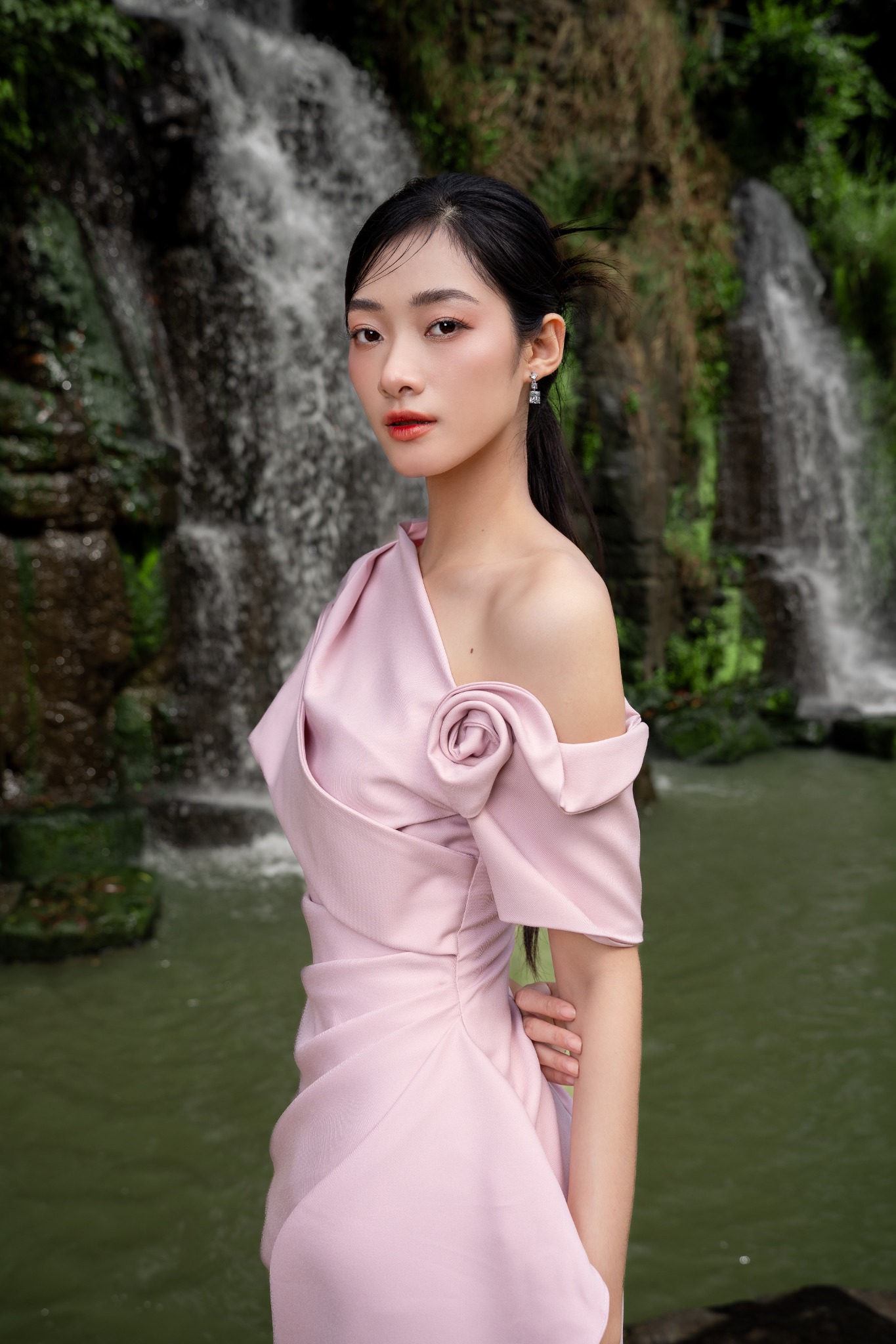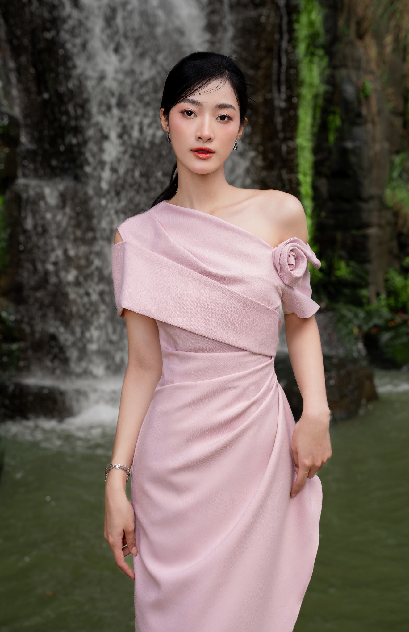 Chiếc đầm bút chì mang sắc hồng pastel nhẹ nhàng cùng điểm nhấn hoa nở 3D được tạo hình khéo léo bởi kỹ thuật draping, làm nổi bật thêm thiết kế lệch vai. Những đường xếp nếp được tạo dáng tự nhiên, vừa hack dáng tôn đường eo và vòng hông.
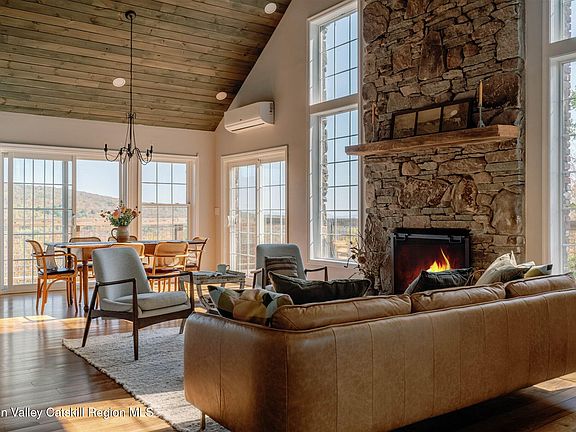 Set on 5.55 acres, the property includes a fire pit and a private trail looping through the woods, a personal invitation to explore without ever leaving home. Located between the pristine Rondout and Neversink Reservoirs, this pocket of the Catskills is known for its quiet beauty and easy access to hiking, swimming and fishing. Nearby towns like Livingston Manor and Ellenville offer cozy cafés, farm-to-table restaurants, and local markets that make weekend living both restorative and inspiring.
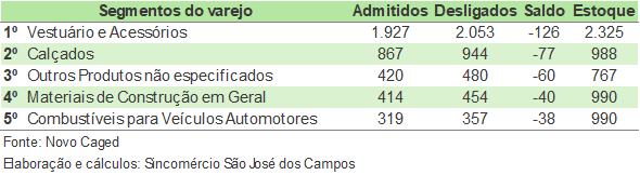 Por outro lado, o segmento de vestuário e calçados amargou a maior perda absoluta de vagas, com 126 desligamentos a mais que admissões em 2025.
==
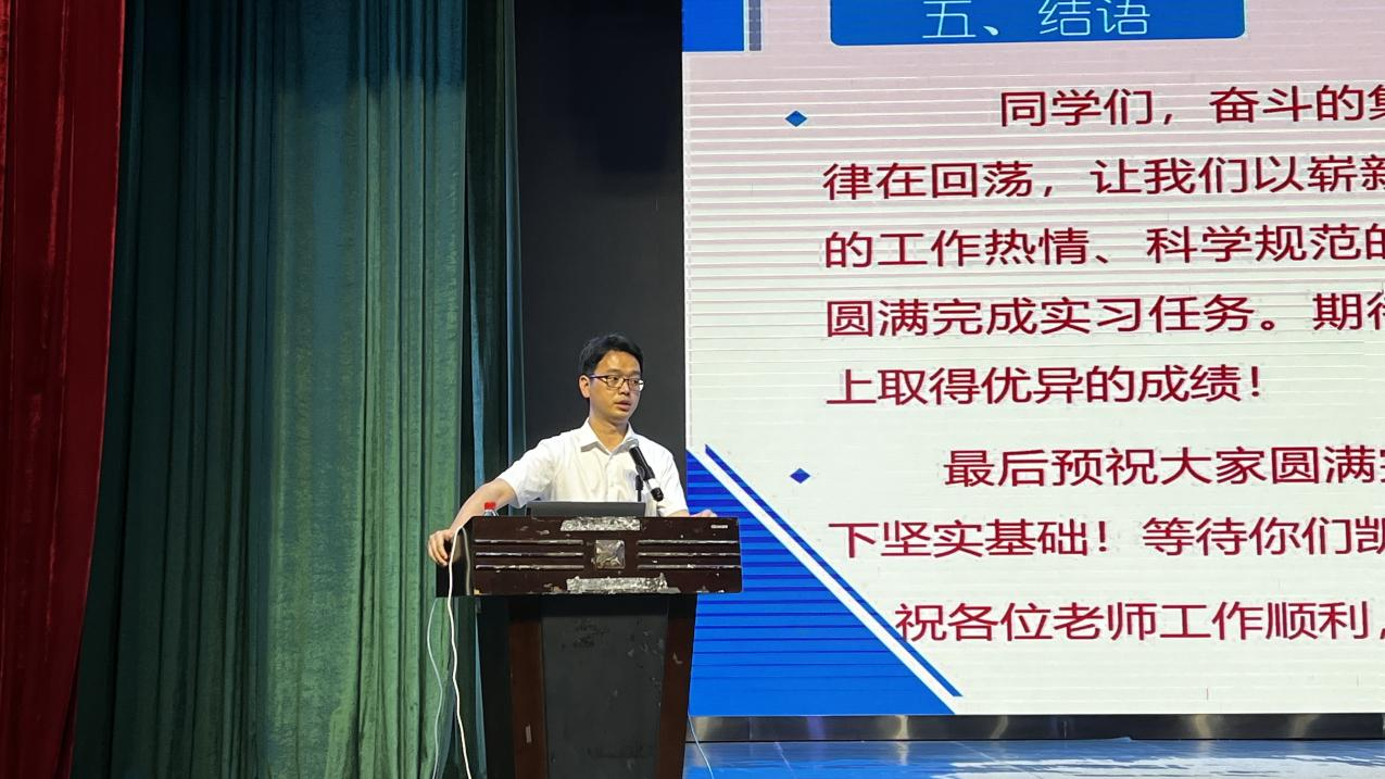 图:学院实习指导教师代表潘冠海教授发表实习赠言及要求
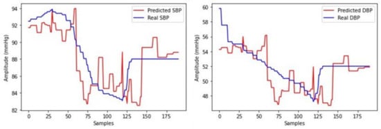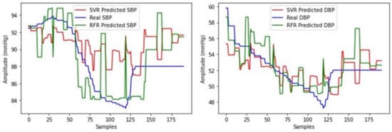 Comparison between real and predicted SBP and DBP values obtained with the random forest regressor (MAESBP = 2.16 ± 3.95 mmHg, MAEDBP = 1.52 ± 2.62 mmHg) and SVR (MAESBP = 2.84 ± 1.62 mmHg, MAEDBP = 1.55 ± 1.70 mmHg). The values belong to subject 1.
---
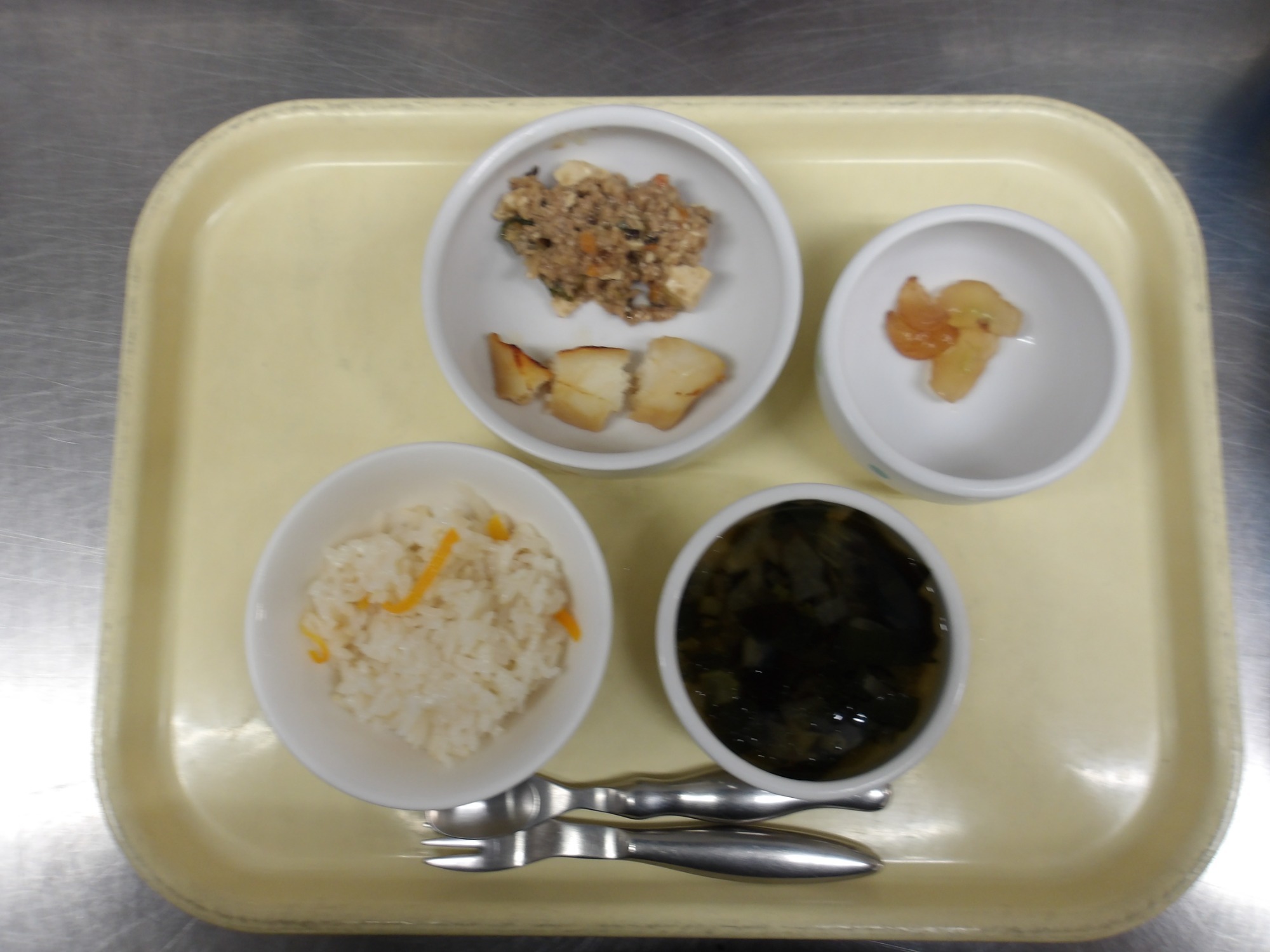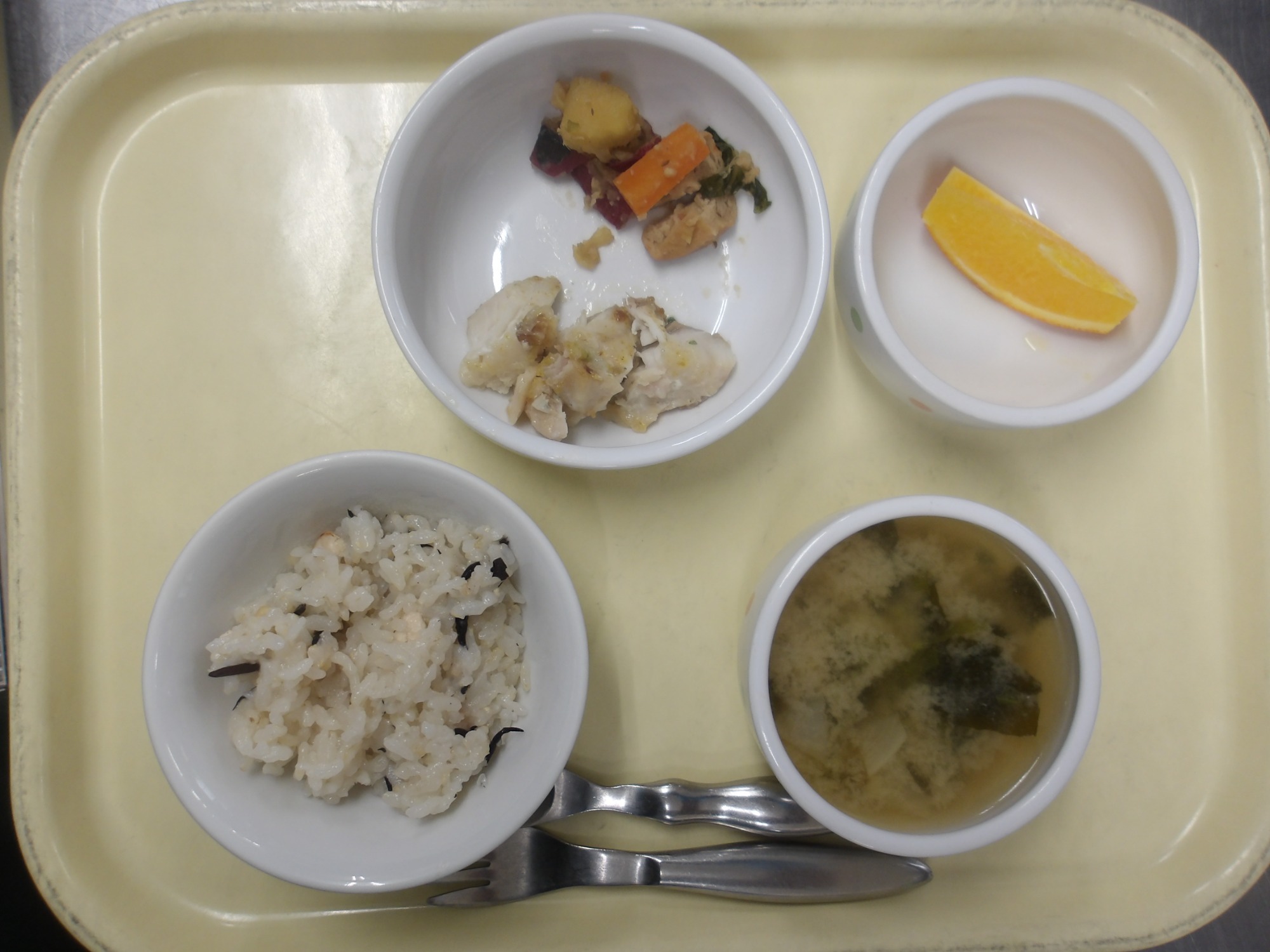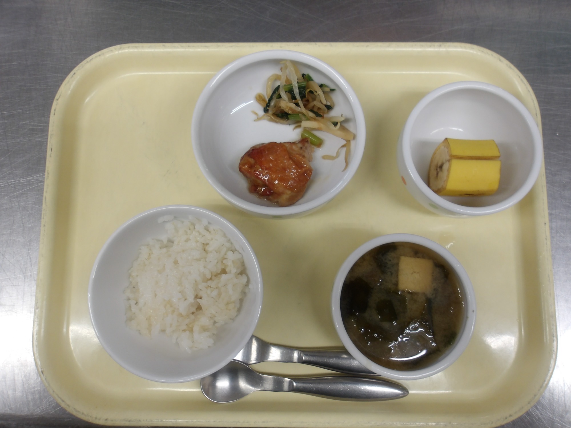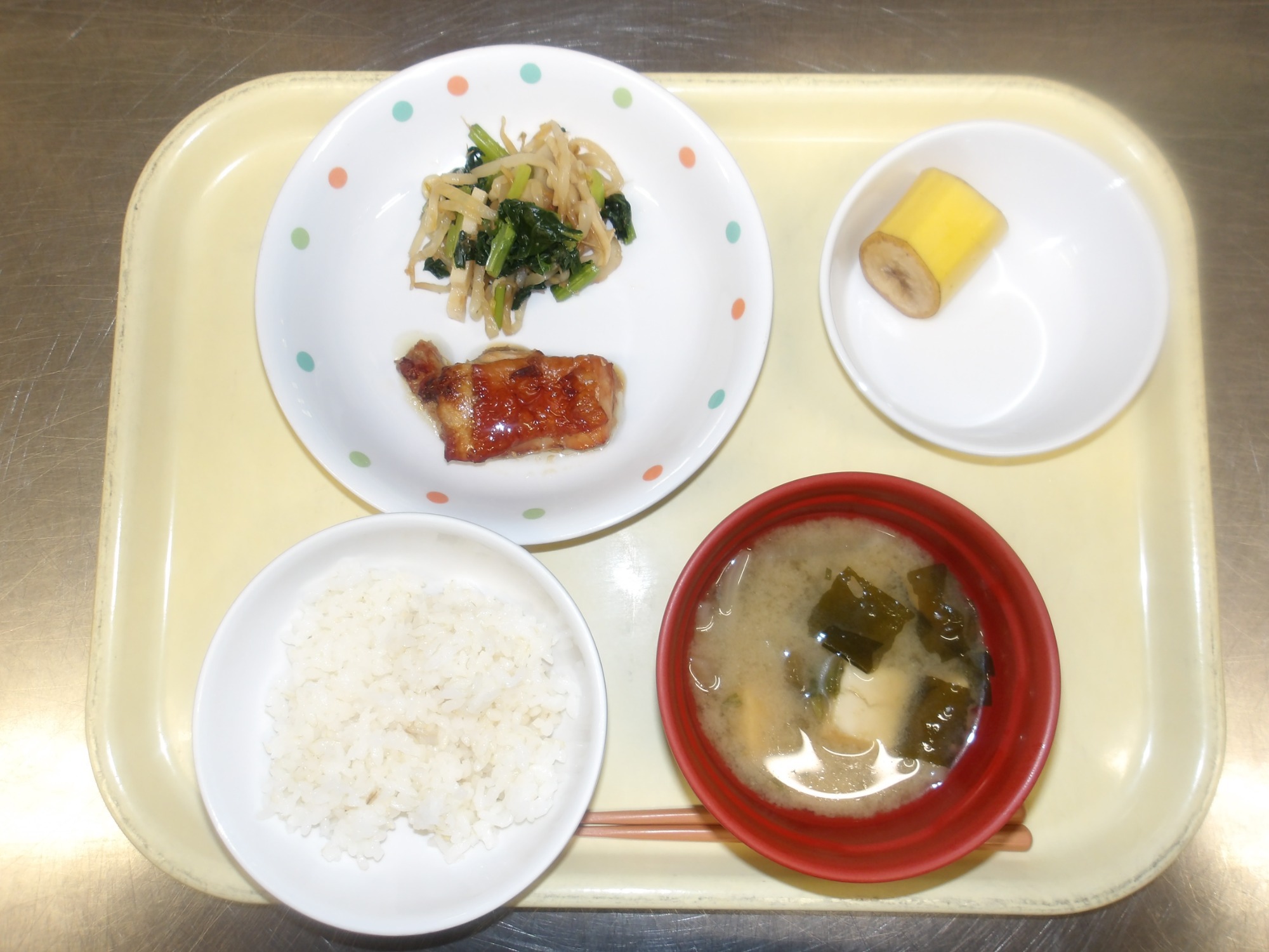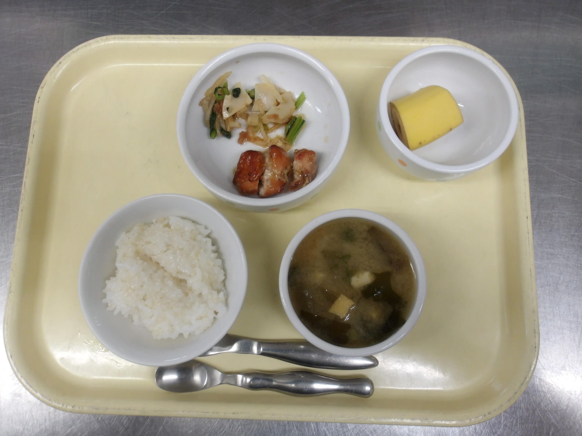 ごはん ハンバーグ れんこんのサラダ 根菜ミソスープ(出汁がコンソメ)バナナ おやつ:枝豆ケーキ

EXERCISE: What you write out is the stretch of entries from the line containing "图:学院实习指导教师代表潘冠海教授发表实习赠言及要求" to the line containing "Comparison between real", word for word, with both end lines and no pictures.

EXERCISE ANSWER:
 图:学院实习指导教师代表潘冠海教授发表实习赠言及要求
 Comparison between real and predicted SBP and DBP values obtained with the random forest regressor (MAESBP = 2.16 ± 3.95 mmHg, MAEDBP = 1.52 ± 2.62 mmHg) and SVR (MAESBP = 2.84 ± 1.62 mmHg, MAEDBP = 1.55 ± 1.70 mmHg). The values belong to subject 1.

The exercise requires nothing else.